Note
Click here to download the full example code
MDF-based MDO on the Sobieski SSBJ test case¶
from __future__ import annotations
from gemseo.api import configure_logger
from gemseo.api import create_discipline
from gemseo.api import create_scenario
from gemseo.api import generate_n2_plot
from gemseo.problems.sobieski.core.problem import SobieskiProblem
configure_logger()
<RootLogger root (INFO)>
Instantiate the disciplines¶
First, we instantiate the four disciplines of the use case:
SobieskiPropulsion,
SobieskiAerodynamics,
SobieskiMission
and SobieskiStructure.
disciplines = create_discipline(
[
"SobieskiPropulsion",
"SobieskiAerodynamics",
"SobieskiMission",
"SobieskiStructure",
]
)
We can quickly access the most relevant information of any discipline (name, inputs,
and outputs) with Python’s print() function. Moreover, we can get the default
input values of a discipline with the attribute MDODiscipline.default_inputs
for discipline in disciplines:
print(discipline)
print(f"Default inputs: {discipline.default_inputs}")
SobieskiPropulsion
Default inputs: {'y_23': array([12562.01206488]), 'x_3': array([0.5]), 'x_shared': array([5.0e-02, 4.5e+04, 1.6e+00, 5.5e+00, 5.5e+01, 1.0e+03]), 'c_3': array([4360.])}
SobieskiAerodynamics
Default inputs: {'x_2': array([1.]), 'y_32': array([0.50279625]), 'x_shared': array([5.0e-02, 4.5e+04, 1.6e+00, 5.5e+00, 5.5e+01, 1.0e+03]), 'y_12': array([5.06069742e+04, 9.50000000e-01]), 'c_4': array([0.01375])}
SobieskiMission
Default inputs: {'y_14': array([50606.9741711 , 7306.20262124]), 'x_shared': array([5.0e-02, 4.5e+04, 1.6e+00, 5.5e+00, 5.5e+01, 1.0e+03]), 'y_24': array([4.15006276]), 'y_34': array([1.10754577])}
SobieskiStructure
Default inputs: {'y_21': array([50606.9741711]), 'y_31': array([6354.32430691]), 'x_1': array([0.25, 1. ]), 'x_shared': array([5.0e-02, 4.5e+04, 1.6e+00, 5.5e+00, 5.5e+01, 1.0e+03]), 'c_0': array([2000.]), 'c_1': array([25000.]), 'c_2': array([6.])}
You may also be interested in plotting the couplings of your disciplines.

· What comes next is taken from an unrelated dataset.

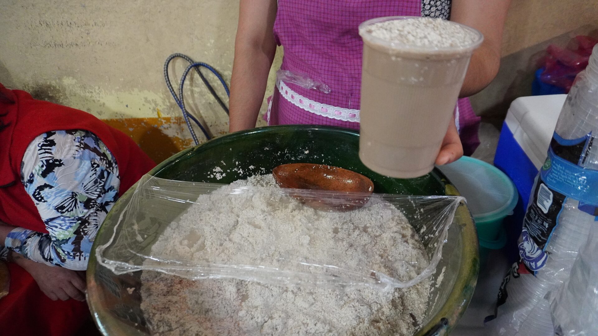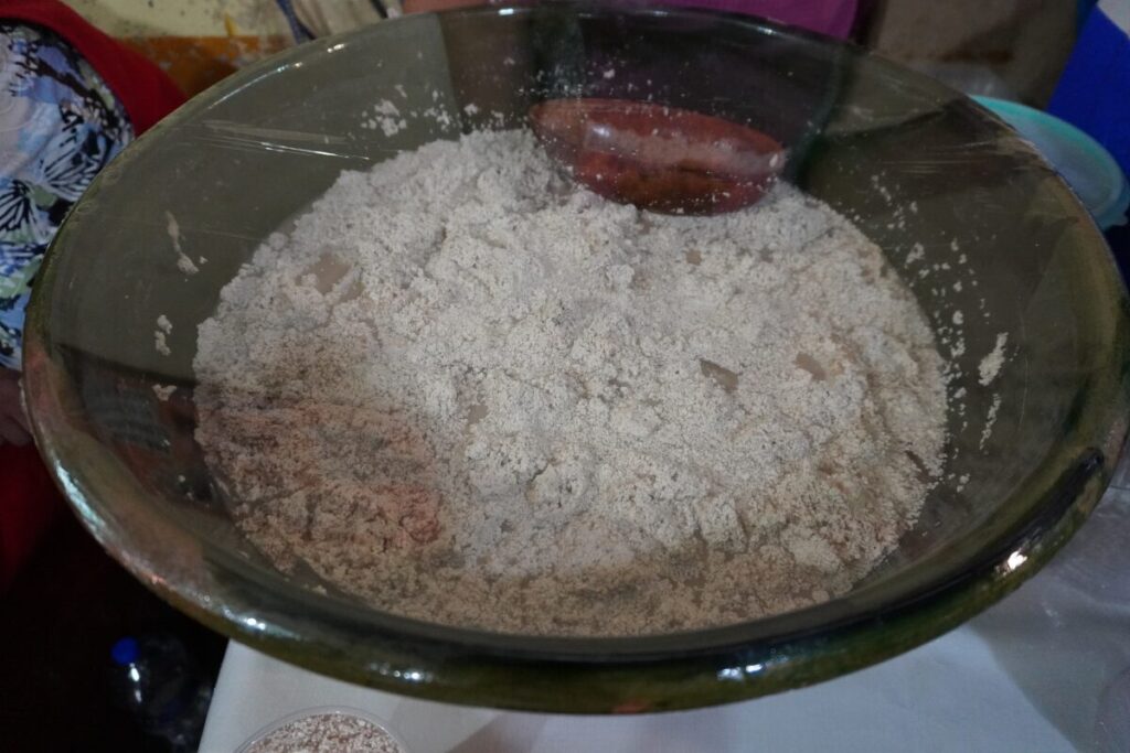テハテの入った大きなボウル。ここからテハテを木のヘラを使ってすくい上げる。

A quick way of getting this information is the API function
generate_n2_plot(). A much more detailed explanation of coupling
visualization is available here.
generate_n2_plot(disciplines, save=False, show=True)

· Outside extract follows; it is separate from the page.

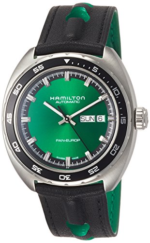 ブランド:HAMILTON(ハミルトン) 型番:H35415761 ケースの形状:ラウンドフェイス 風防素材:サファイアガラス 表示タイプ:アナログ表示 ケース素材:ステンレス ケース直径・幅:42 mm ケース厚:1.185 mm バンド素材・タイプ:ベルトタイプ バンド幅:21 mm バンドカラー:ブラック 文字盤カラー:グリーン カレンダー機能:なし 本体重量:77 g ムーブメント:自動巻き 商品パッケージの寸法: 12 x 12 x 12 cm 発送重量: 1.4 Kg メーカー型番: H35415761

Build, execute and post-process the scenario¶
Then, we build the scenario which links the disciplines
with the formulation and the optimization algorithm. Here, we use the
MDF formulation. We tell the scenario to minimize -y_4 instead of
minimizing y_4 (range), which is the default option.
Instantiate the scenario¶
During the instantiation of the scenario, we provide some options for the MDF formulations:
formulation_options = {
"tolerance": 1e-10,
"max_mda_iter": 50,
"warm_start": True,
"use_lu_fact": True,
"linear_solver_tolerance": 1e-15,
}
'warm_start: warm starts MDA,'warm_start: optimize the adjoints resolution by storing the Jacobian matrix LU factorization for the multiple RHS (objective + constraints). This saves CPU time if you can pay for the memory and have the full Jacobians available, not just matrix vector products.'linear_solver_tolerance': set the linear solver tolerance, idem we need full convergence
design_space = SobieskiProblem().design_space
print(design_space)
scenario = create_scenario(
disciplines,
"MDF",
objective_name="y_4",
design_space=design_space,
maximize_objective=True,
**formulation_options,
)
Design space:
+-------------+-------------+--------------------+-------------+-------+
| name | lower_bound | value | upper_bound | type |
+-------------+-------------+--------------------+-------------+-------+
| x_shared[0] | 0.01 | 0.05 | 0.09 | float |
| x_shared[1] | 30000 | 45000 | 60000 | float |
| x_shared[2] | 1.4 | 1.6 | 1.8 | float |
| x_shared[3] | 2.5 | 5.5 | 8.5 | float |
| x_shared[4] | 40 | 55 | 70 | float |
| x_shared[5] | 500 | 1000 | 1500 | float |
| x_1[0] | 0.1 | 0.25 | 0.4 | float |
| x_1[1] | 0.75 | 1 | 1.25 | float |
| x_2 | 0.75 | 1 | 1.25 | float |
| x_3 | 0.1 | 0.5 | 1 | float |
| y_14[0] | 24850 | 50606.9741711 | 77100 | float |
| y_14[1] | -7700 | 7306.20262124 | 45000 | float |
| y_32 | 0.235 | 0.5027962499999999 | 0.795 | float |
| y_31 | 2960 | 6354.32430691 | 10185 | float |
| y_24 | 0.44 | 4.15006276 | 11.13 | float |
| y_34 | 0.44 | 1.10754577 | 1.98 | float |
| y_23 | 3365 | 12194.2671934 | 26400 | float |
| y_21 | 24850 | 50606.9741711 | 77250 | float |
| y_12[0] | 24850 | 50606.9742 | 77250 | float |
| y_12[1] | 0.45 | 0.95 | 1.5 | float |
+-------------+-------------+--------------------+-------------+-------+
Set the design constraints¶
for c_name in ["g_1", "g_2", "g_3"]:
scenario.add_constraint(c_name, "ineq")
XDSMIZE the scenario¶
Generate the XDSM file on the fly, setting print_statuses=True
will print the status in the console
html_output (default True), will generate a self-contained
HTML file, that can be automatically open using open_browser=True
scenario.xdsmize()
INFO - 16:36:50: Generating HTML XDSM file in : xdsm.html
Define the algorithm inputs¶
We set the maximum number of iterations, the optimizer
and the optimizer options. Algorithm specific options are passed there.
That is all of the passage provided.